### Source data

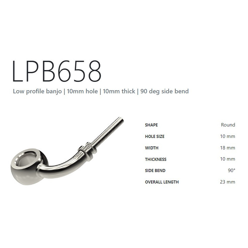 Oko pro použití s nerez. oplet. hadicemi. Otvor 10 mm. Šířka 20 mm. Výška 11,5 mm. Ohyb 10° Délka 52 mm.
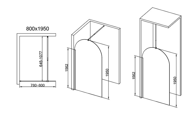 Fabriquée en verre trempé Securit de 8 mm avec traitement anti-calcaire. Cette paroi de douche est fournie avec une barre de rigidité extensible de 64,5 à 107,7 cm. Modèle réversible gauche ou droite. La paroi, avec son arche élégant et original s'accorde parfaitement avec la robinetterie Châtelet ou Deauville dorée brossée.
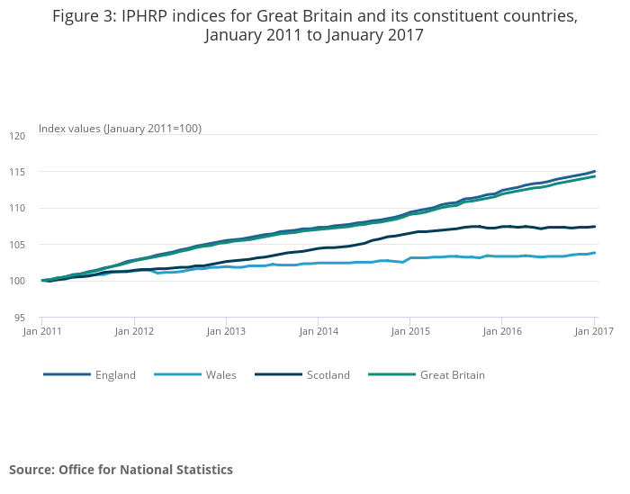 Download this chart Figure 3: IPHRP indices for Great Britain and its constituent countries, January 2011 to January 2017
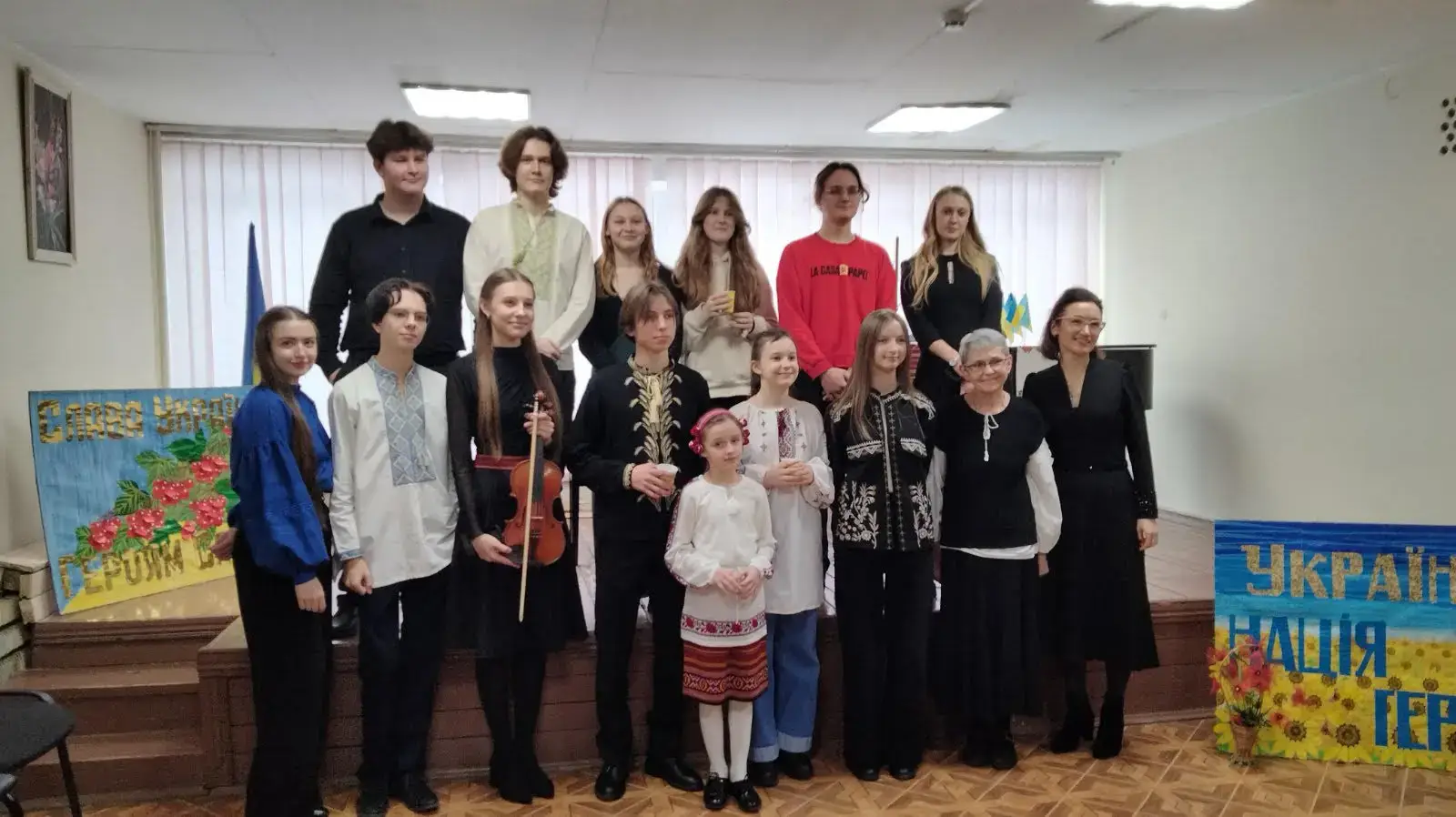 Музичні твори, ілюстровані патріотичними поетичними рядками створили в залі емоційну атмосферу єднання, соборності, гордості за власну країну і її сучасних українців.
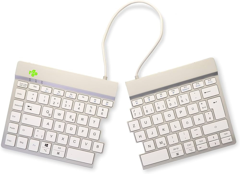 Il colore bianco della tastiera R-Go Split non solo è esteticamente gradevole, ma contribuisce anche a creare un ambiente di lavoro luminoso e positivo. La sua eleganza si adatta perfettamente a qualsiasi setup, dal minimalista al più sofisticato.
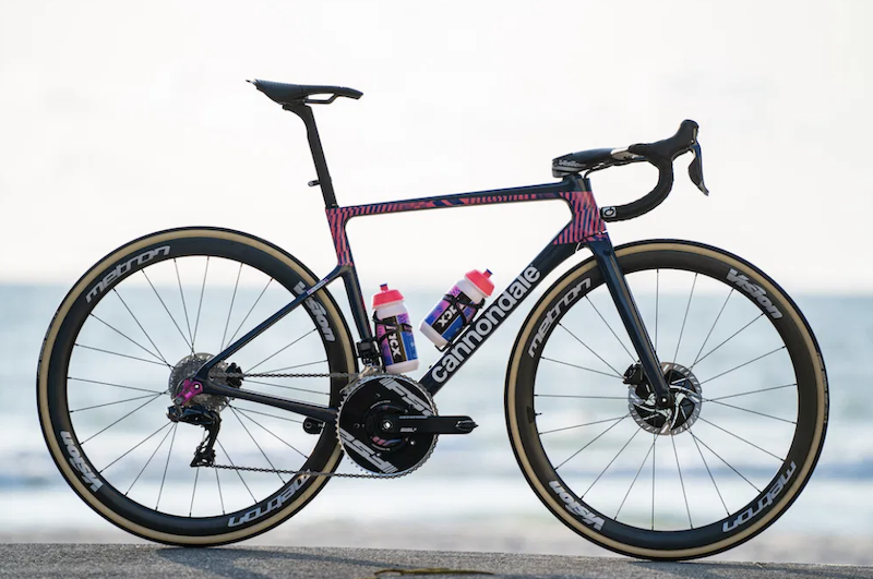 L’équipe EF Pro Cycling poursuit avec Cannondale, en utilisant deux modèles alternativement, selon les préférences des coureurs et le terrain, et là aussi désormais uniquement avec des freins à disque : les System Six et Super Six. Transmissions Shimano, roues et périphériques Vision composent ces vélos, par ailleurs les seuls à utiliser les pédales Speedplay.

######

▸ **Problem**
Nothing but the records, restated word for word and stripped of images, belongs in the answer.

▸ **Response to this task**
 Oko pro použití s nerez. oplet. hadicemi. Otvor 10 mm. Šířka 20 mm. Výška 11,5 mm. Ohyb 10° Délka 52 mm.
 Fabriquée en verre trempé Securit de 8 mm avec traitement anti-calcaire. Cette paroi de douche est fournie avec une barre de rigidité extensible de 64,5 à 107,7 cm. Modèle réversible gauche ou droite. La paroi, avec son arche élégant et original s'accorde parfaitement avec la robinetterie Châtelet ou Deauville dorée brossée.
 Download this chart Figure 3: IPHRP indices for Great Britain and its constituent countries, January 2011 to January 2017
 Музичні твори, ілюстровані патріотичними поетичними рядками створили в залі емоційну атмосферу єднання, соборності, гордості за власну країну і її сучасних українців.
 Il colore bianco della tastiera R-Go Split non solo è esteticamente gradevole, ma contribuisce anche a creare un ambiente di lavoro luminoso e positivo. La sua eleganza si adatta perfettamente a qualsiasi setup, dal minimalista al più sofisticato.
 L’équipe EF Pro Cycling poursuit avec Cannondale, en utilisant deux modèles alternativement, selon les préférences des coureurs et le terrain, et là aussi désormais uniquement avec des freins à disque : les System Six et Super Six. Transmissions Shimano, roues et périphériques Vision composent ces vélos, par ailleurs les seuls à utiliser les pédales Speedplay.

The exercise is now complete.